RAL Tier1 Operations Report for 12th April2017

Review of Issues during the week 5th to 12th April 2017.
  • LHCb Castor instance has been running with problems all this last week. Initially it appeared the new SRM version was causing a bottleneck. This was fixed but it then appears the stager was also struggling. Work has been ongoing to resolve this.
  • Some batch job submission errors have been seen by CMS and LHCb. These are not yet understood. ?? Ongoing
  • Over the weekend there were problems with the Atlas Frontier systems.
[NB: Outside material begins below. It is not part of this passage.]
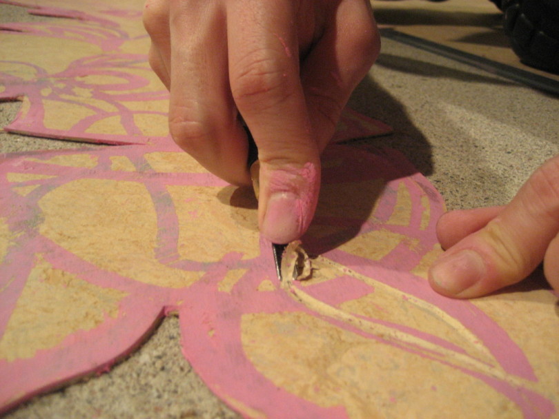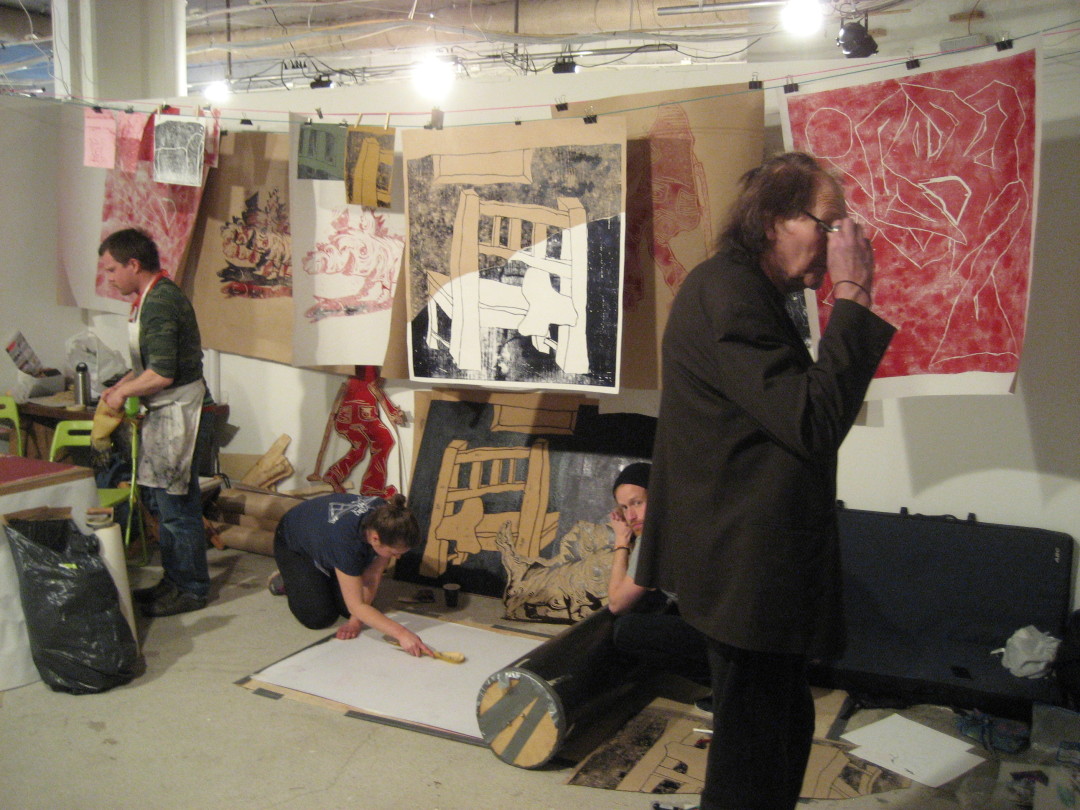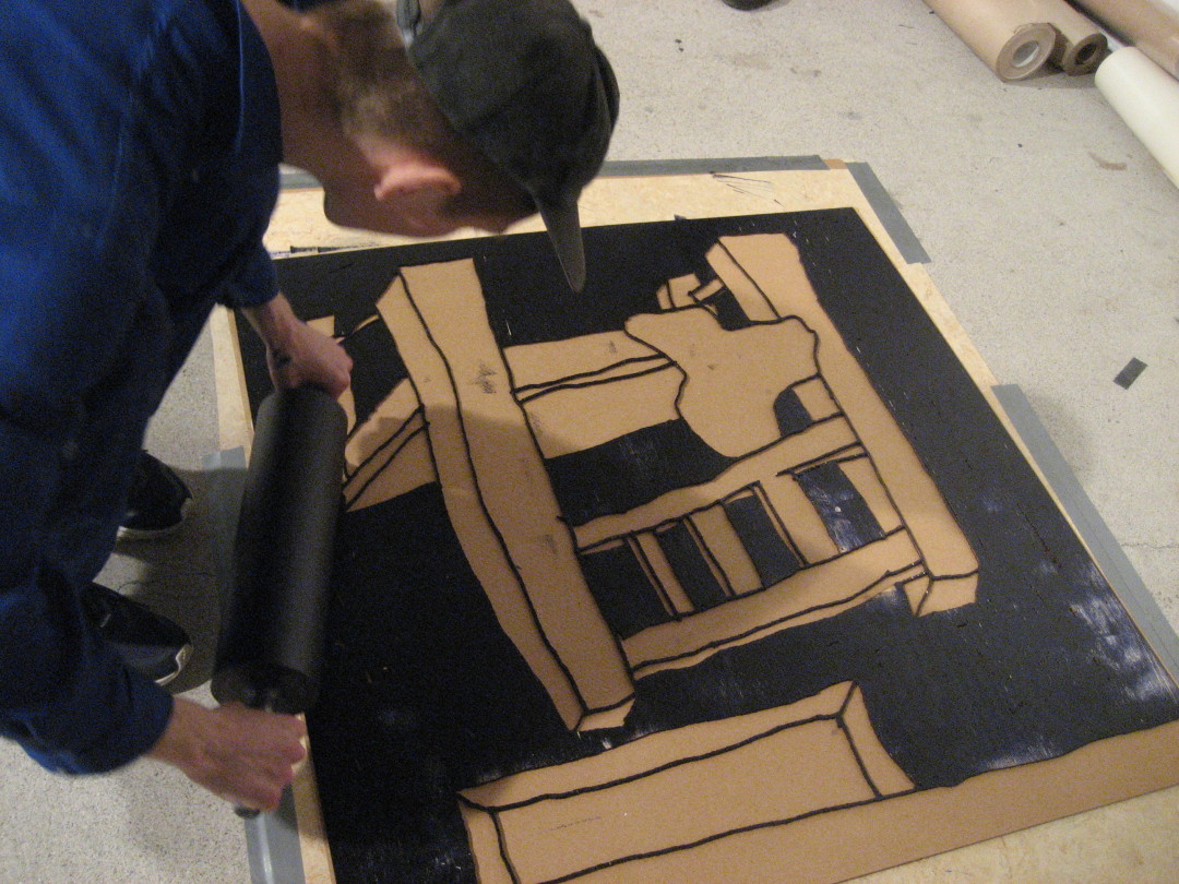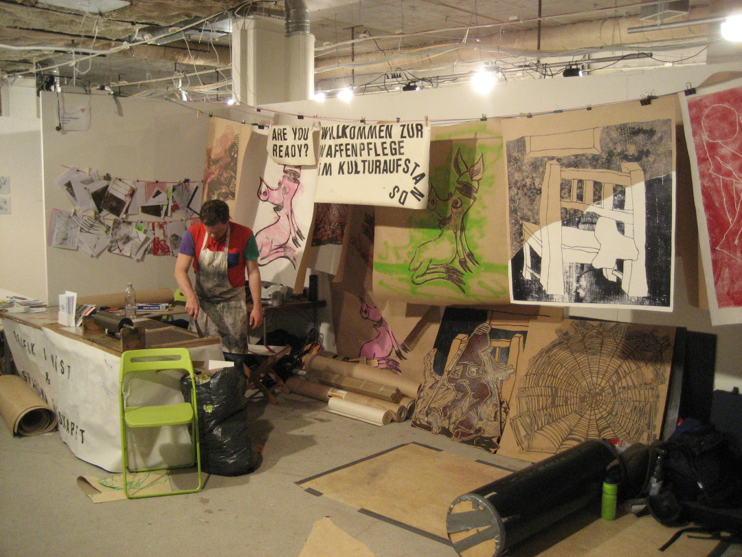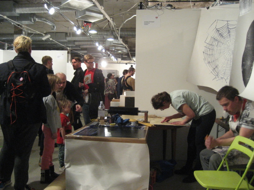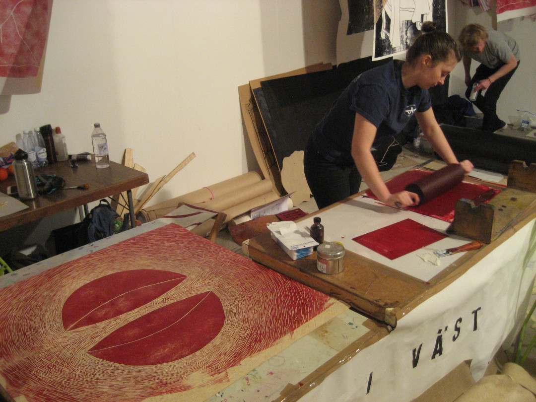 På onsdagen var det mingel och VIP-dag för de olika gallerierna på Supermarket. Vi startade klockan 11 och började valsa färg och skära linoleum ganska direkt.
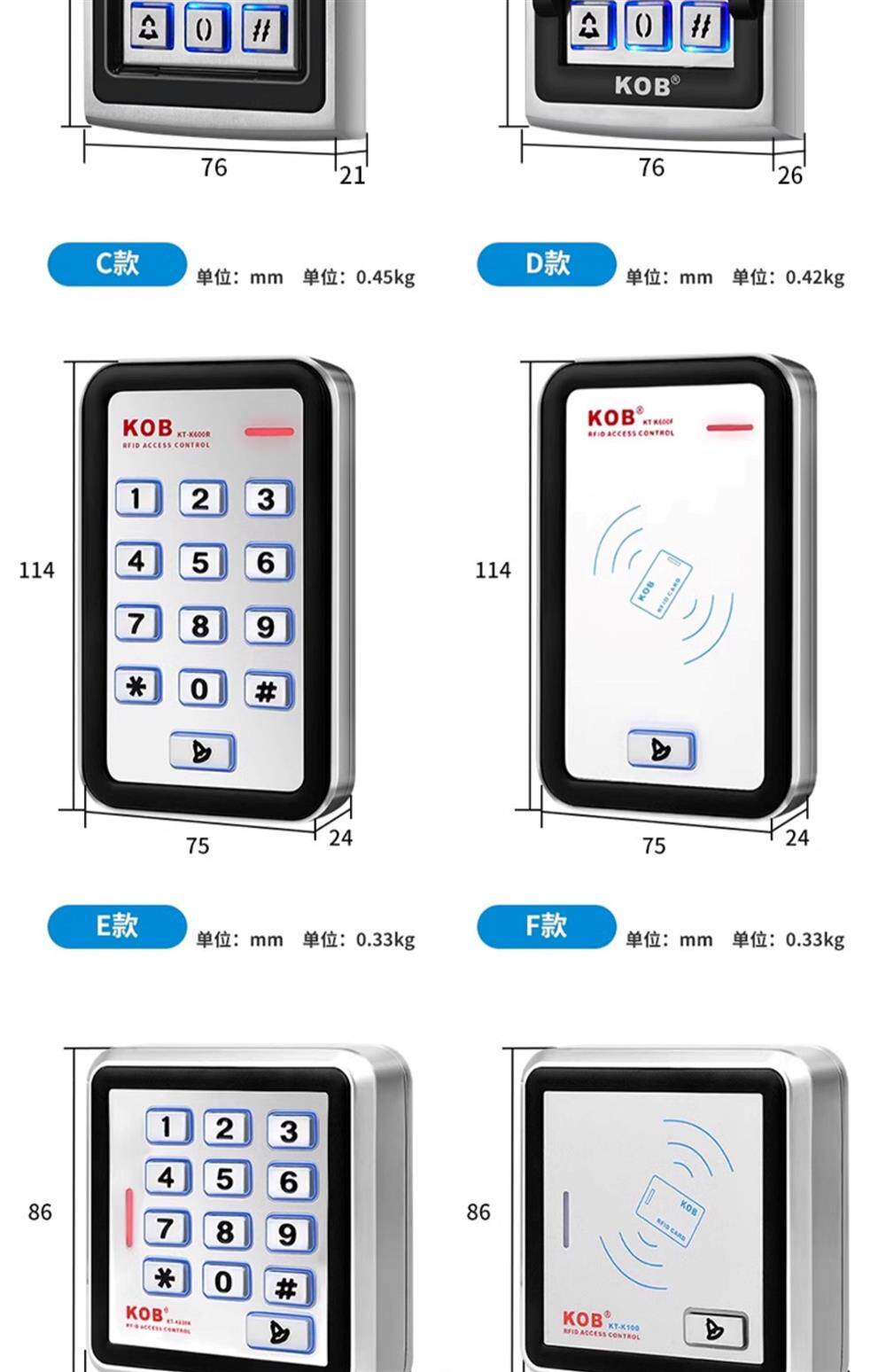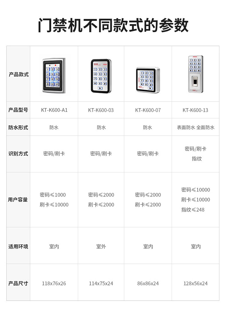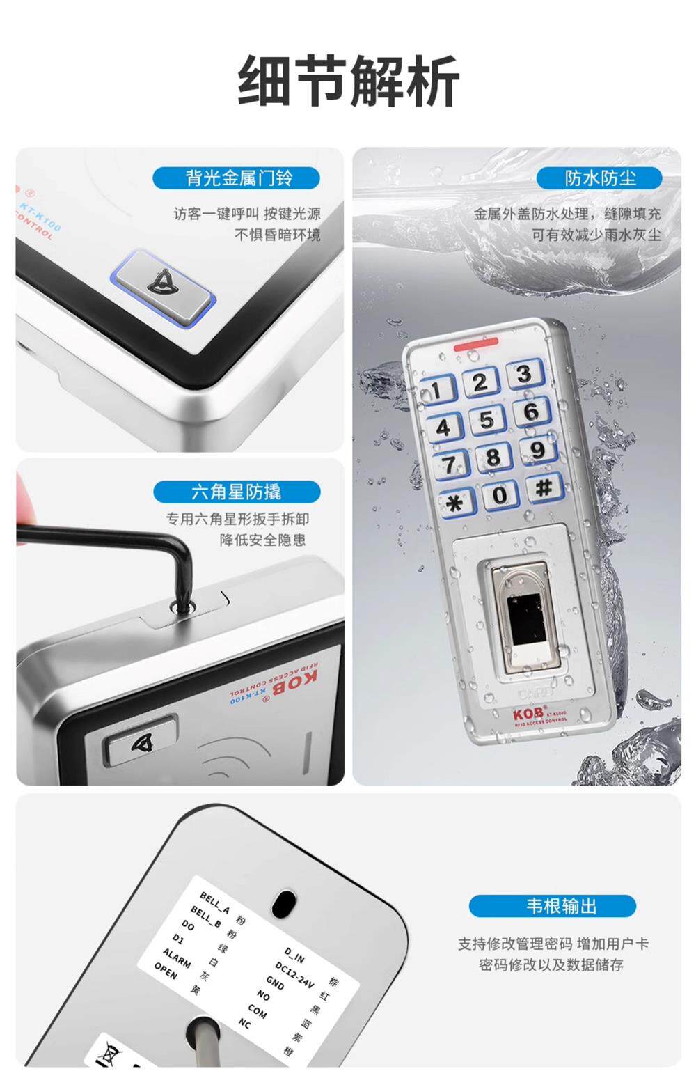 Kob Fingerprint Access Control Idic Card Swipe Password Outdoor Waterproof Rainproof Access Control All-In-One Machine Metal Reader Waterproof

Lyon were also affected.
  • On Monday problems were reported on one of the ARC CEs (AC-CE4) and its services were restarted.
Resolved Disk Server Issues
  • None
Current operational status and issues
  • We are still seeing a rate of failures of the CMS SAM tests against the SRM. These are affecting our (CMS) availabilities but the level of failures is reduced as compared to a few weeks ago.
Ongoing Disk Server Issues
  • gdss673 (LHCb-Tape) was removed from production this morning (05/04/2017) due to it having a double disk failure.
Limits on concurrent batch system jobs.
  • Atlas Pilot (Analysis) 1500
  • CMS Multicore 550
  • LHCb 1000
Notable Changes made since the last meeting.
  • Increased limit on number of CMS multicore jobs from 460 to 550 due to increased pledge for 2017.
  • Out of Hours cover for the CEPH ECHO service is being piloted.
Declared in the GOC DB
Service Scheduled? Outage/At Risk Start End Duration Reason
lcgwms04.gridpp.rl.ac.uk SCHEDULED OUTAGE 12/04/2017 09:05 18/04/2017 12:00 6 days, 2 hours and 55 minutes server migration
Advanced warning for other interventions
The following items are being discussed and are still to be formally scheduled and announced.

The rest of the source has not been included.